Eventually, my eye is caught by the body language being projected through the storefront window beside which I sit. They are standing there too long, they are not smiling. The men at the table grow more serious. Another man is waved forward; he is accusing them of something. The police ask for an explanation. The two at the table are shaking their heads, making controlled little hand gestures; they are denying something. They are amused, then taken aback, then angry. The third man is drawn aside by the tall policeman. He is wearing a red hard hat, and lights up a cigarette. The younger man keeps talking to the policewoman, pointing at his cup of coffee emphatically. He seems to be saying that he has been here, drinking coffee, the whole time. He gets more agitated. The older man (his father? No — the relationship doesn’t fit. Maybe an uncle?) keeps trying to hold him back, calm him down. He gets up yelling. The policeman (and he is really big) starts to close in tighter. He’s in the young man’s personal space. He exudes menace. He’s got out handcuffs now. They walk the young man away, but he’s getting worked up again. He’s offended and angry. He’s wrestled to the ground, on his knees, his head pressed down low, handcuffed, hoisted back to his feet. The uncle (?) stands right next to them, looking helpless, and afraid to interfere any more.
Without hearing a word, I admit, I don’t think the police needed to be so aggressive. The young guy was so obviously upset, but also not about to jump on anyone. It was almost as if they were looking for him to get angry enough to justify physical restraint tactics.
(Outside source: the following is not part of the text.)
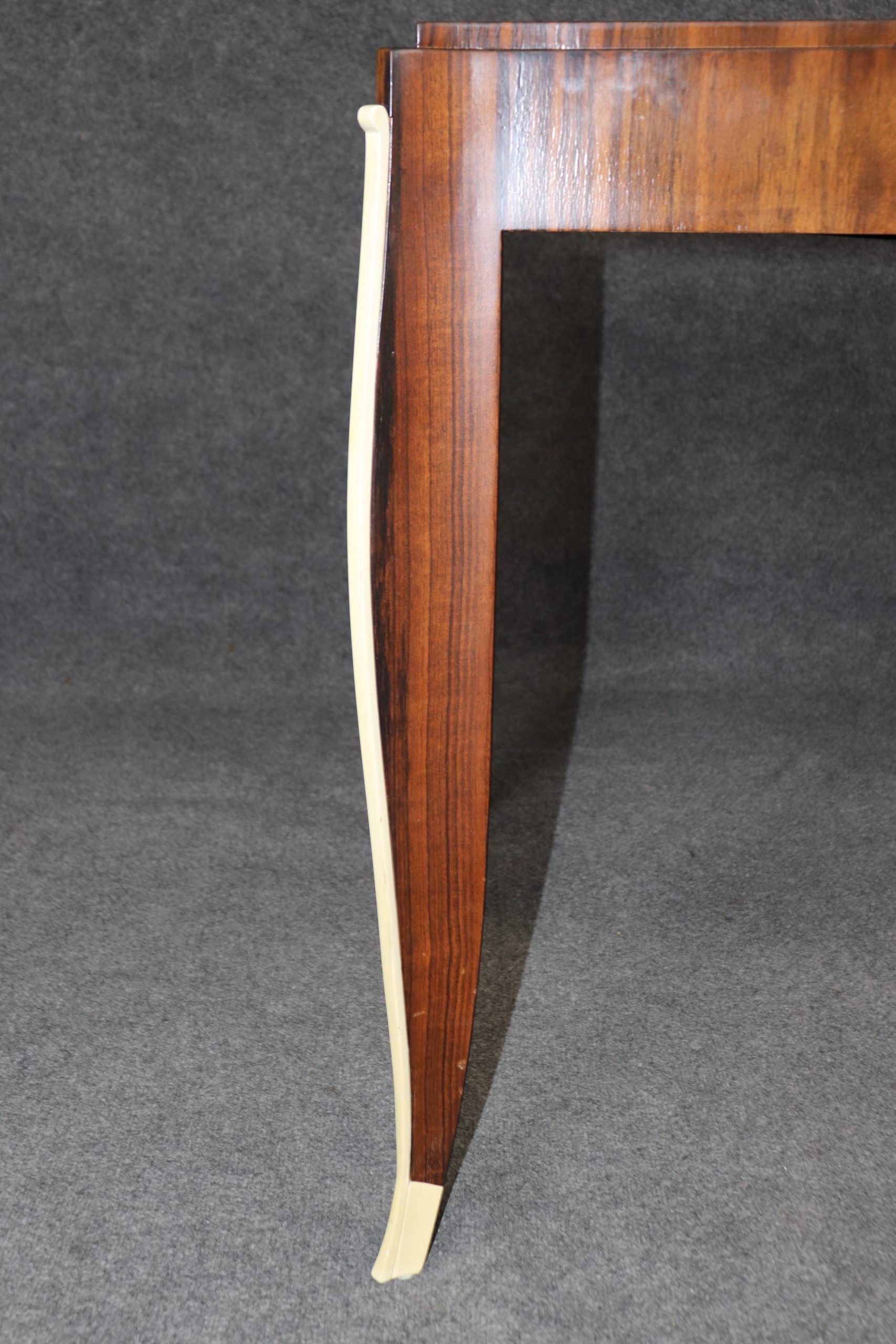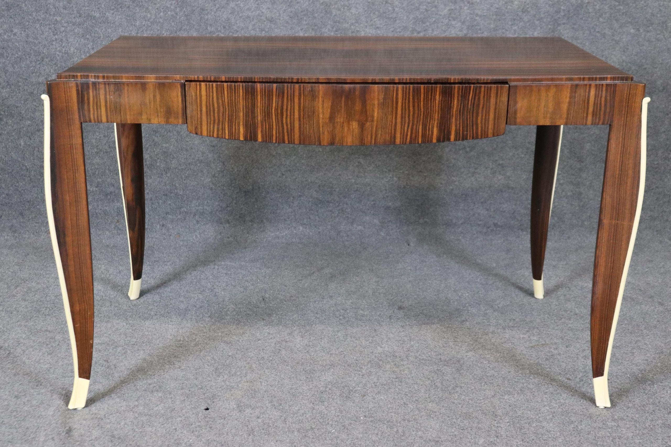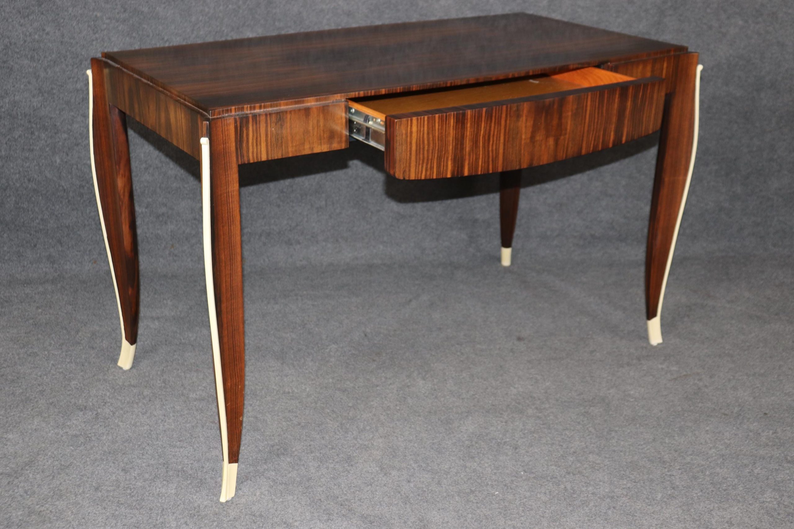 This vintage Art Deco style Rosewood writing desk, in the manner of Emile-Jacques Ruhlmann, is bound to bring a sense of sophistication and character into your home or place of choosing! This desk is equipped with 1 drawer – perfect for storing your personal belongings. Émile-Jacques Ruhlmann, was a French furniture designer and interior decorator, who was one of the most important figures in the Art Deco movement. His furniture featured sleek designs, expensive and exotic materials and extremely fine craftsmanship, and became a symbol of the luxury and modernity of Art Deco. This item is perfect for any living room, den, office, or bedroom and can be paired with a variety of other styles you may already have in your home due to its simplistic yet luxurious design! This is a piece that will have your guests mesmerized by its detail and will certainly be a conversation starter at your next gathering! The piece, overall, is in good vintage condition with light surface scratches, otherwise good condition. No significant imperfections to note.
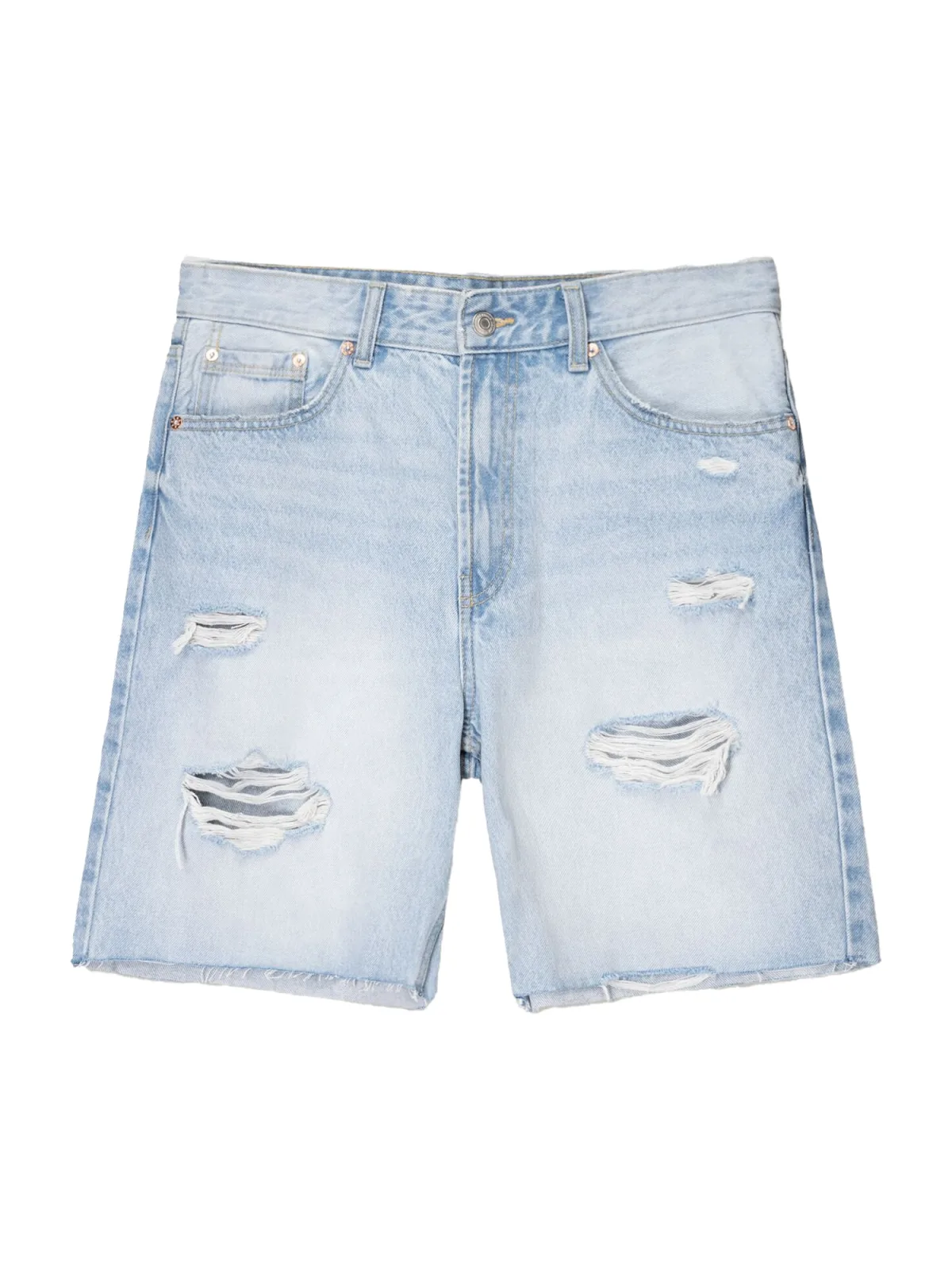 Design: Gefranjerde zoom, Open randen, Ritssluiting, 5-pocket-style; Type sluiting: Ritssluiting; Materiaal: Denim; Motief: Effen; Extra's: Studs, Contrasterende naden, Vaste grip, Riemlussen; Wassing: ripped; Lengte: Knielengte; Pasvorm: Regular

My sense is that if they had asked him to come with them for questioning, he would have.
Who were these people? The accuser in the red hard hat, still quietly smoking his cigarette? The slight policewoman, ducking behind her partner? The religious and supportive but impotent uncle? The open-looking young man with contradictory clothing? The intimidating officer?
What are their stories? What chapter are they writing at this moment?
30 minutes later
Sequel: The “uncle” just came back… to pay for the two cups of coffee. Mi keAmcha Yisrael. His honesty inspires. Perhaps they are at the police station just two blocks away?
Was he trying to help out his young friend without realizing what he was up to? Was he in the dark completely — maybe the young man was in a hit-and-run on his way over? Was the whole thing a mistake? I’ll never know.
I watch him walk away in the rain.
The picture? Their table, as they left it. Never did get a chance to finish the coffee.
The elevator panel at Ben Gurion airport, Tel Aviv:
3rd floor, Departures
2nd floor, Public Transport
1st floor, Orchard
Ground floor, Arrivals
Every airport should have an orchard, don’t you think?
Seen in a Helsinki hotel:
“Vegetal Base Soap”. I was surprised that this was important enough to bother shaping into the soap bar, although the effect is nice. Are many soaps still animal-based? If I were philosophically vegetarian, would this concern me in a hotel? What would I use if the soap had not been marked? Shampoo? Would I remain loyal to the hotel because of its consciousness, as demonstrated by the choice of vegetal soap? Is the green color (very unnatural for soap) meant to signal concern for the earth and its inhabitants?
Note: the plastic wrapper on the soap was so hard to remove that the housekeeping staff had left the package partially cut open.